Harry is George’s four-year-old brother, who got to experience the wonders of the skies himself on Saturday when Lauren and Bryan McIntyre brought the whole family back, including their daughter, Hazel (2).


“Hazel loves the stars,” Lauren said, while making star wheels so the family could stargaze from their Alexandra home.


Clyde School pupil George McIntyre experiments with a plasma ball during the interactive activities. 


The Winterstellar Community Day was an interactive and educational astronomical and astrophotography event run by Central Stories, CO Reap, the Otago Museum and the Winterstellar Charitable Trust.

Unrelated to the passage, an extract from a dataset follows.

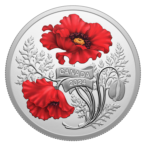 Each year on November 11, Canada pauses to honour all who serve or have served our country in times of war and peace, and our annual Remembrance Day coin keeps that spirit of gratitude and remembrance alive year-round. The 2024 edition presents a stirring visual metaphor for the more than 2,300,000 who served in Canada’s military throughout its history, including the more than 118,000 who ultimately gave their lives. Its reverse shows the red-petalled flower of Remembrance in various stages of bloom, from the poppy that proudly stands tall as a symbol of those who serve or have served, to the drooping one that pays respect to our fallen—those who are gone, but whose sacrifices will not be forgotten.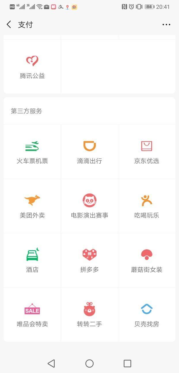 而且,你打開微信支付就能看到,在“第三方服務”的十二宮格里,同在電商領域爭食的,就有京東、拼多多、唯品會、蘑菇街4家。“馬爸爸”領養的孩子實在太多了,想給誰喂點獨食照顧一下并不容易。

Members of the trust gave talks on astrophotography, activities such as making the star maps were available for children and adults alike, and videos showed images taken of the night skies in Central Otago.


The wow factor for most participants (particularly the children) was the Digital Starlab - an inflatable planetarium visitors enter to see the sky displayed and constellations explained.



Marijn Kouwenhoven of the Otago Museum science outreach team said the presentations in the Starlab changed according to the age of their audience.


“With the wee ones, we just try to inspire awe and talk about the fact we can use the stars to tell stories and share knowledge with each other,” she said.


“We can show the lines that people drew between the stars when they saw them thousands of years ago. When you go out stargazing in real life, you can’t make that artwork appear.”



Within the Starlab, the sky first appears during the daytime, before Marijn “fast forwards” time to sunset and the stars begin to appear.


“Anytime in the Starlab when we move to sunset and the first stars appear, there is always that ‘Wow’ moment, she said.


Winterstellar Charitable Trust chief executive officer Andy Davey agreed.


“Just standing outside the stardome, when it switched from day to night, you could hear all the ‘oohs’ and ‘aahs’,” he said.


Emily Eastgate, of Tūhura Otago Museum’s science outreach team, sets up a telescope to allow people to safely view the sun.


Andy said the visitors really enjoyed the displays and talks, and the feedback was brilliant.


For him, the best result was when schoolchildren, like George McIntyre, inspired their entire family to come to the community day.